Веня не мог объяснить, как он оказался на просторной кровати сплетенным с хозяйкой.

Не в тот же день, но на курсе заметили, что лицо у Вени округлилось, исчезли и другие признаки хронического недоедания. Веня обслуживал квартиру директора мясокомбината, как дежурный электрик на танковом заводе обслуживает цех. Отличие заключалось в том, что электрик на танковом заводе работает круглосуточно, а у Вени были только дневные смены.

Но однажды ему представилась возможность поработать ночью. Директор мясокомбината собрался в командировку в столицу. Вернее, собрала его заботливая жена. Бутерброды с кетовой и паюсной икрой, цыплята табака и домашнее печенье были аккуратно упакованы в пергаментную бумагу, надежно изолированы от накрахмаленной белоснежной рубахи и двух галстуков.

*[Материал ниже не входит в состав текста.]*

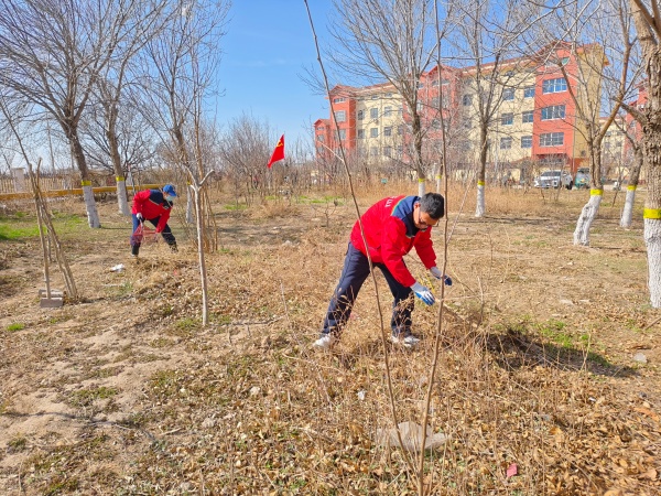 当日下午,机关团队与小区工作人员集合到文明二小区18号楼南侧。此处紧邻垃圾临时堆放点,周围小树林内存在落叶积存、蒿草疯长,加之部分居民存在乱种植现象,导致围墙边角杂乱,不仅影响环境美观,也给小区管理带来难题。

Муж пытался отговорить супругу, горящую желанием проводить его до поезда.

Холодно, снег метет. И уезжает он всего лишь на несколько дней. Но любящая жена не отказалась от намерения продемонстрировать свою преданность.

Следует заметить, что в течение двух лет их совместной жизни над ними ни разу не появилось даже лёгкого облачка несогласия. Старше жены на шестнадцать лет, директор бережно относился к своей красивой и темпераментной супруге, не сомневаясь в том, что такая совершенная женщина, в конце концов забеременеет.

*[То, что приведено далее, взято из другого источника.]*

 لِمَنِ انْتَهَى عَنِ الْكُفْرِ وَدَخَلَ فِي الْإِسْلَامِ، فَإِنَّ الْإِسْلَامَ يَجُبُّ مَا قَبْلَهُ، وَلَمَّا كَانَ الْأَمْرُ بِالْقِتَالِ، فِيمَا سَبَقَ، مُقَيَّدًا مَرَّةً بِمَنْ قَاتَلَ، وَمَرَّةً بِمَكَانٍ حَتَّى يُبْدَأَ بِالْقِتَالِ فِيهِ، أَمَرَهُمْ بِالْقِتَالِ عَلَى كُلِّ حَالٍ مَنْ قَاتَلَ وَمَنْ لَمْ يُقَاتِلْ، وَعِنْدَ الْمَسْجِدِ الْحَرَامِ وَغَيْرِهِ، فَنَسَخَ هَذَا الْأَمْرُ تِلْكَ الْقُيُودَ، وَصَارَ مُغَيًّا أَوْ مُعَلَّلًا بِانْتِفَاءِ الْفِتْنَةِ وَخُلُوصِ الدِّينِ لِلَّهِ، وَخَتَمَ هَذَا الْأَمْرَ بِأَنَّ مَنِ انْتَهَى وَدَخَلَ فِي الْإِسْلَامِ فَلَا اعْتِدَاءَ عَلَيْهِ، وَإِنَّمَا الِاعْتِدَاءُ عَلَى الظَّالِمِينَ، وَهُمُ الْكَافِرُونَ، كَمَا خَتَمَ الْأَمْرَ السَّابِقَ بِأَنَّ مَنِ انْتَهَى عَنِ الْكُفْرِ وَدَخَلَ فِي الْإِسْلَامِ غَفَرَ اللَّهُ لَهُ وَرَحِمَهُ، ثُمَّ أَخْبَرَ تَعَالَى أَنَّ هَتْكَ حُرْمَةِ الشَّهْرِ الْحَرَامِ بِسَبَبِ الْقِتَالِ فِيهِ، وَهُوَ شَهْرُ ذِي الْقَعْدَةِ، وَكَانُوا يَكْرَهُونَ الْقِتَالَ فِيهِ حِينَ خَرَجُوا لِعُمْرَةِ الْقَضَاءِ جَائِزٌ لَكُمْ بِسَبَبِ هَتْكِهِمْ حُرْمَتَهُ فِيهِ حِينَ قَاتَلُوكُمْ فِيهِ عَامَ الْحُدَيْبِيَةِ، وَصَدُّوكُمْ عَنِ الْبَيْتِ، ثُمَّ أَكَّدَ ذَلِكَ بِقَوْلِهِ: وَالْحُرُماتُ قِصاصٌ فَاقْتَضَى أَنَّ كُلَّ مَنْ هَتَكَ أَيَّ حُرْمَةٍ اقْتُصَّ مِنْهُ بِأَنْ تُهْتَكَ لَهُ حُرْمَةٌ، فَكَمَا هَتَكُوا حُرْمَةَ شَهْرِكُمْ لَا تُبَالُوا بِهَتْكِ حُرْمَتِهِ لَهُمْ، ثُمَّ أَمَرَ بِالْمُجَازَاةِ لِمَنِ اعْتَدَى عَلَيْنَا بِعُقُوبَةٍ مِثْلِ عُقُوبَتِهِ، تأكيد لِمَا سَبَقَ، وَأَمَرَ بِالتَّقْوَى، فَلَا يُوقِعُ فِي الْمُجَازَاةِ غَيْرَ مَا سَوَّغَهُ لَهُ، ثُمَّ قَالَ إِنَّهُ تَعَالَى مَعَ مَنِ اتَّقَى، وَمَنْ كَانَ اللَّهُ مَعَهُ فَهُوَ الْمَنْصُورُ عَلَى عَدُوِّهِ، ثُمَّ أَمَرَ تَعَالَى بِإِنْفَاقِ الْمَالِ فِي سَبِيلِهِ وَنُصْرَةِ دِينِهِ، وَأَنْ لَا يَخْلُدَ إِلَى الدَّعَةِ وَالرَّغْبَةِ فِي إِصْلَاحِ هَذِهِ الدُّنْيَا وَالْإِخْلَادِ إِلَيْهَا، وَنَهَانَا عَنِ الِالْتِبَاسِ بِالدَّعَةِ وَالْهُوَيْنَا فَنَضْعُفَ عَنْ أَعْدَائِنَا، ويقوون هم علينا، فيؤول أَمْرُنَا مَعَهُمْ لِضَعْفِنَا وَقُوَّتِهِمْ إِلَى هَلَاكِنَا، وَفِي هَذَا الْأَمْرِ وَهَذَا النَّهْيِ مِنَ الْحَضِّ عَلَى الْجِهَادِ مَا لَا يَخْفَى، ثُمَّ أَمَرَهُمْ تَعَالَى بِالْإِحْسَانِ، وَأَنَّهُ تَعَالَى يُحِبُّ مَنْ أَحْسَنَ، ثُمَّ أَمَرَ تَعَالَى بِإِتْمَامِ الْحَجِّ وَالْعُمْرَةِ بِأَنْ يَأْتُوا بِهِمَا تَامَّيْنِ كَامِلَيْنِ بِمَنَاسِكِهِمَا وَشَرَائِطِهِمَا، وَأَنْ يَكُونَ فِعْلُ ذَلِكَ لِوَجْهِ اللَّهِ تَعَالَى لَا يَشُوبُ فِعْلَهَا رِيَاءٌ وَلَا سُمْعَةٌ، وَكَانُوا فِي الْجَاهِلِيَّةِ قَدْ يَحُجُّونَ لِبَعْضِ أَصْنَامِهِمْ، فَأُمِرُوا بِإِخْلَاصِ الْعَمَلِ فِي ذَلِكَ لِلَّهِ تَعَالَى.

В двадцать часов пять минут, точно по расписанию, поезд отошел от перрона. Выстрелянная нетерпением, она метнулась на привокзальную площадь, не торгуясь, схватила автомобиль и помчалась к общежитию, где у подъезда ее уже ждал околевавший от холода Веня. Он сел в автомобиль и поехал на ночную смену.

Директор вышел из вагона на первой остановке, на окраине города. Его тоже встречали. Положение позволяло ему приказать личному шоферу подать автомобиль. Но он не торопился. Ограничился ассистенцией своего самого близкого друга. Вместе с ним он сел в трамвай и поехал домой.

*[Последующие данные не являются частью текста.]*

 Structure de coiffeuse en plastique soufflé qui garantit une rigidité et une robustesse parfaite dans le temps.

Звонок в дверь обрушился на любовников, как лава из Везувия на обезумевших жителей Помпеи. Она накинула халатик на голое тело и открыла дверь. Железное самообладание помогло ей не рухнуть на пол, когда она увидела мужа и его друга, стряхивавших с себя снег.

— Понимаешь, дорогая, в поезде мне принесли телеграмму от министра. Завтра он приезжает сюда. Так что командировка отменяется.

Он посмотрел на стол. Две рюмки. Две тарелки с остатками пиршества.

Пустая пол-литровая бутылка.

— Ну-ка, дорогая, поставь нам рюмочки.

Она поставила. Преодолевая обморочное состояние, подала на стол закуску и запечатанную бутылку водки.

Муж весело наполнил четыре рюмки.

— Эй, студент, садись к столу.

Веня, мертвый от страха, лежал под кроватью, под которую он втиснулся, нарушив законы природы. Хозяин дома повторил приглашение.

— Можешь не одеваться. Мы примем тебя в таком виде, в каком ты есть.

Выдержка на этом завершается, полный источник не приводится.